Scott Atran: A memory of Lévi-Strauss
Margaret Mead, Franz Boas and Claude Lévi-Strauss on a Portuguese stampIn Memory of Claude Lévi-Strauss
In Memory of Claude Lévi-Strauss
In Memory of Claude Lévi-Strauss.
Claude Lévi-Strauss, arguably the world's most famous and influential anthropologist, died on October 30 at the age of 100. This is a lasting memory of my first encounter with him.
In 1974, when I was a graduate student in anthropology at Columbia University, I wanted to organize a discussion of universals with people whose ideas I wished to know more about than I thought I could get from their writings. At the time, I was working for Margaret Mead as one of her assistants at the American Museum of Natural History, so I asked her how I might go about getting my wish. She said "talk to these people and see if they'll meet." So I went to see Noam Chomsky in Cambridge, Jean Piaget in Geneva, and Jacques Monod in Paris, and they agreed; but I wondered if Levi-Strauss would because he seemed so aloof . Margaret licked her lips and laughed: "Well, that's his look, aloof and frail, but he's more playful than he lets on and he'll outlive me by thirty years if a day. Just tell him I sent you."
I ran from La Bastille to the College de France on Rue des Ecoles and up the steps to knock on his door. He opened it, saw the sweat running down my face and, asked rather coldly: "Monsieur, que'est-ce que je peux faire pour vous?" I said I was an anthropology student from America and had a bunch of questions for him. He was gracious but distant and said, "Ask two."
First, I asked him why he believed binary operators to be one of the fundamental structures of the human mind. He shrugged and sighed and then replied: "When I started there was still no science of mind. Saussure, Marx, Mauss and music were my guides. Since then things have changed. Psychology now has something to say."

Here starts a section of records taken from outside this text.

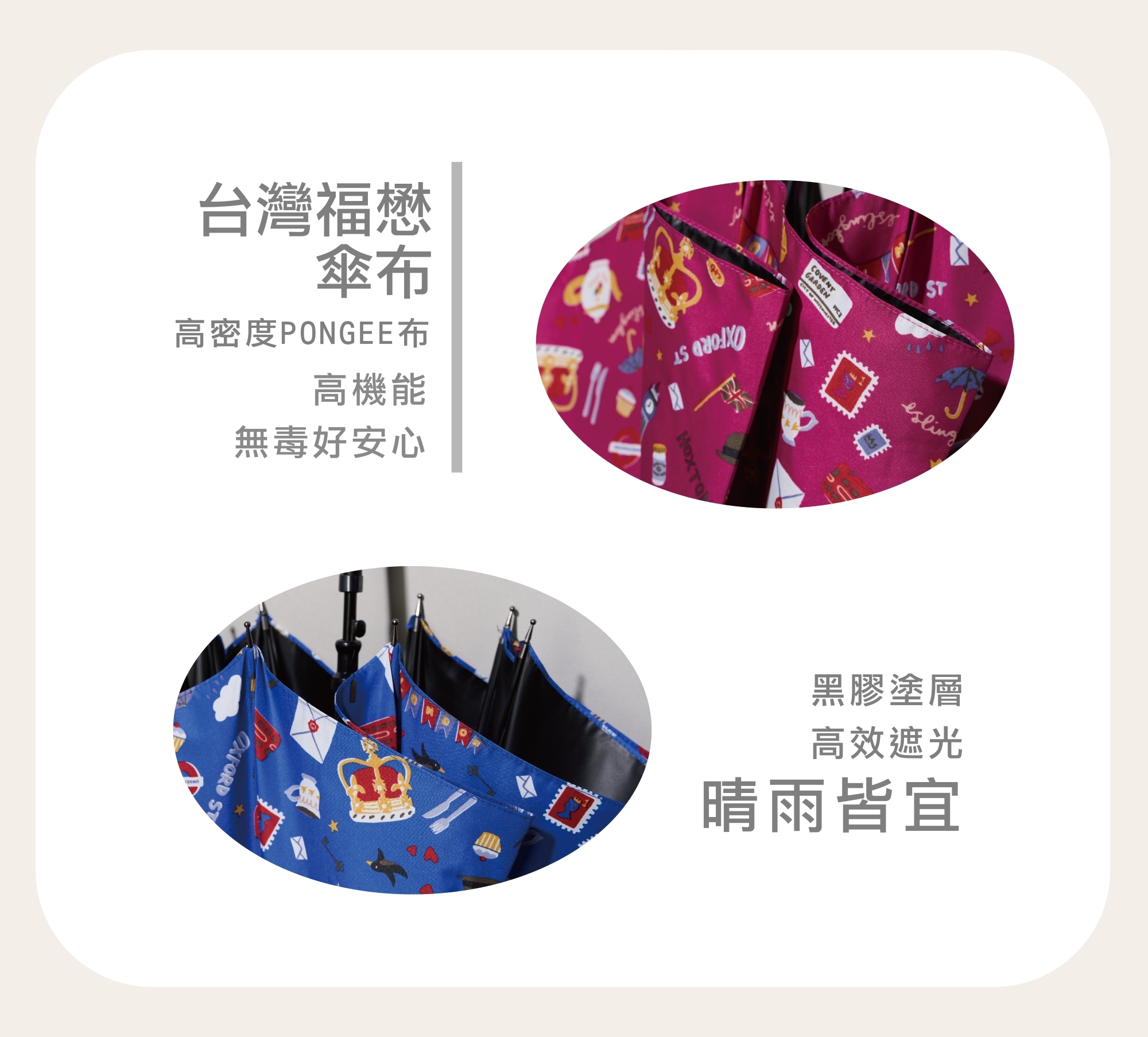 傘布 : 台灣福懋印花黑膠布
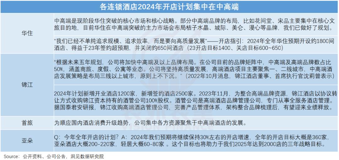 具体到行动上,可以看到,各酒店2024年的扩店计划仍以中高端为核心。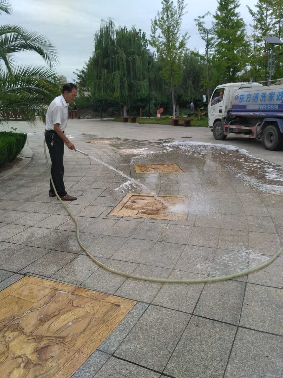 <p class="zheng">【东方家政】一江两岸广场清洗</p>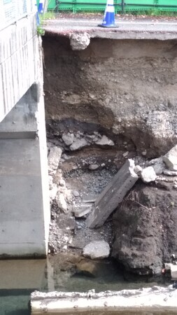 健軍川と江津湖の合流点の崩落。上流側は護岸を修理するために、斜道を作っている。下流側は手つかず。橋のコンクリートを避けるように侵食しているなあ。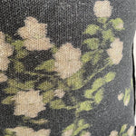 A faded stone washed black background, creme, beige, light grey and green floral accents. This pillow has a soft nubby texture, finished edge and metal zipper closure and binded edge.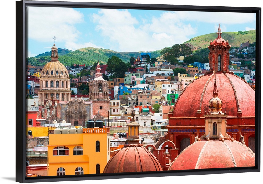 <p>Cityscape photograph of colorful buildings and several church domes in Guanajuato, Mexico. From the Viva Mexico Collection.</p>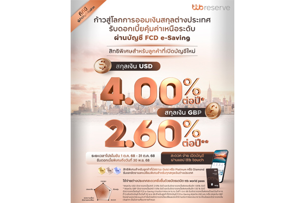 ทีทีบี ชวนเปิดบัญชีออมเงินสกุลต่างประเทศ USD และ GBP
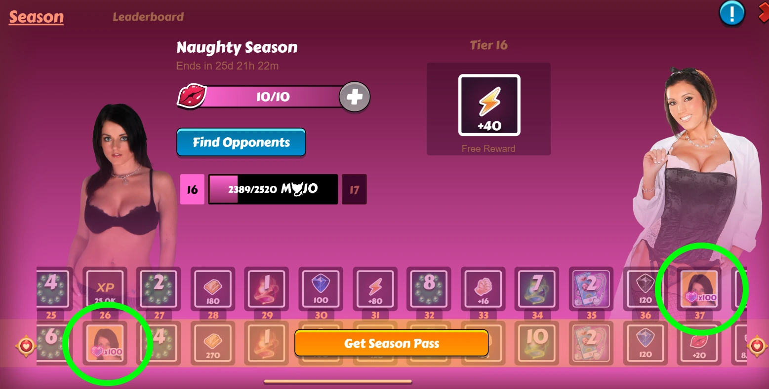 Naturally, the game has both a fancy battle pass and the ability to buy game currency for real money, but it does not really affect the development of your character in terms of a harem. As an example, here is a screen where the heroine will open for a person with a battle pass just a little earlier than for a person without it:
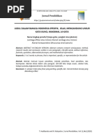 b. Setiap pertanyaan harus diberikan batasan jawaban yang diharapkan. c. Materi yang ditanyakan harus sesuai dengan tujuan peugukuran. d. Materi yang ditanyakan harus sesuai dengan jenjang jenis sekolah atau tingkat kelas. 2. Konstruksi a. Menggunakan kata tanya/perintah yang menuntut jawaban terurai. b. Ada petunjuk yang jelas tentang cara mengerjakan soal. c. Setiap soal harus ada pedoman penskorannya. d. Tabel, gambar, grafik, peta, atau yang sejenisnya disajikan dengan jelas, terbaca, dan berfungsi. 3. Bahasa a. Rumusan kalimat soal harus komunikatif. b. Menggunakan bahasa Indonesia yang baik dan benar (baku). c. Tidak menimbulkan penafsiran ganda. d. Tidak menggunakan bahasa yang berlaku setempat/tabu. e. Tidak mengandung kata/ungkapan yang menyinggung perasaan peserta didik. H. Penulisan Soal Bentuk Pilihan Ganda Menulis soal bentuk pilihan ganda sangat diperlukan keterampilan dan ketelitian. Hal yang paling sulit dilakukan dalam menulis soal bentuk pilihan ganda adalah menuliskan pengecohnya. Pengecoh yang baik adalah pengecoh yang tingkat kerumitan atau tingkat kesederhanaan, serta panjangpendeknya relatif sama dengan kunci jawaban. Oleh karena itu, untuk memudahkan dalam penulisan soal bentuk pilihan ganda, maka dalam penulisannya perlu mengikuti langkahlangkah berikut, langkah pertama adalah menuliskan pokok soalnya, langkah kedua menuliskan kunci jawabannya, langkah ketiga menuliskan pengecohnya. Untuk memudahkan pengelolaan, perbaikan, dan perkembangan soal, maka soal ditulis di dalam format kartu soal. Setiap satu soal ditulis di dalam satu format. Adapun formatnya seperti berikut ini.

Then, I asked him why he became an anthropologist and he said: "I wanted to be a musician but having no talent I read philosophy and wanted to find out how different one human being's thoughts could be from another's and how much of that difference is truly the same. In Brazil, an opportunity came to try to find out, and I am still trying."
He dabbed his nose with a handkerchief, rose from his chair in that regal, crane-like manner of his, thanked me for coming and started walking me back to the door, when I turned to him and said. "Margaret Mead te dit bonjour." His dour demeanor turned into a child's joy." Would you like to come home to dinner with me now?" he asked, with a lightness that belonged to another person, another time. I declined with some idiot excuse because I still stank from running and didn't want to further embarrass myself. But I asked him if he would join the discussion with Chomsky, Piaget and the others that I had forgotten to tell him about until then. "Yes," he said kindly, "just tell me when."
At the discussion, which took place over the course of a few days at the Abbaye de Royaumont outside Paris, Lévi-Strauss sat patiently and said nothing as others spoke their piece or pontificated, or pleaded and shouted their oppositions. But his doodles of cats and other real and fantastical animals were stunning, and those he left behind were the objects of a fierce competition among some of the conference's participants, including myself. On the way to our last lunch, Noam Chomsky ─ who had dominated this conference of Nobel-prize winning biologists and world-famous mathematicians, philosophers, psychologists and anthropologists as I have never seen anyone do before or after ─ walked up to Lévi-Strauss and said in a shy sort of way: "Perhaps you remember me, when I sat in on your class at Harvard with Roman Jakobson?" Lévi-Strauss looked at Chomsky and said: "I'm sorry, but no." Those were the only words he would utter in the conference room.
In an interview the following year, Levi-Strauss was asked what recent intellectual developments he considered to be important. He said that what had transpired at Royaumont was the most significant intellectual event he had thus far encountered in the second half of the twentieth century. He also implied that his time was in the past: "I imagine myself in the New World with Columbus for the first time," he mused, "a symphony of sounds, of colors, of smells, of desires, and of hopes. Then I imagine myself on the moon with the astronauts, and all I see is gray, dust and barren rocks, and the earth I long for is far out of reach."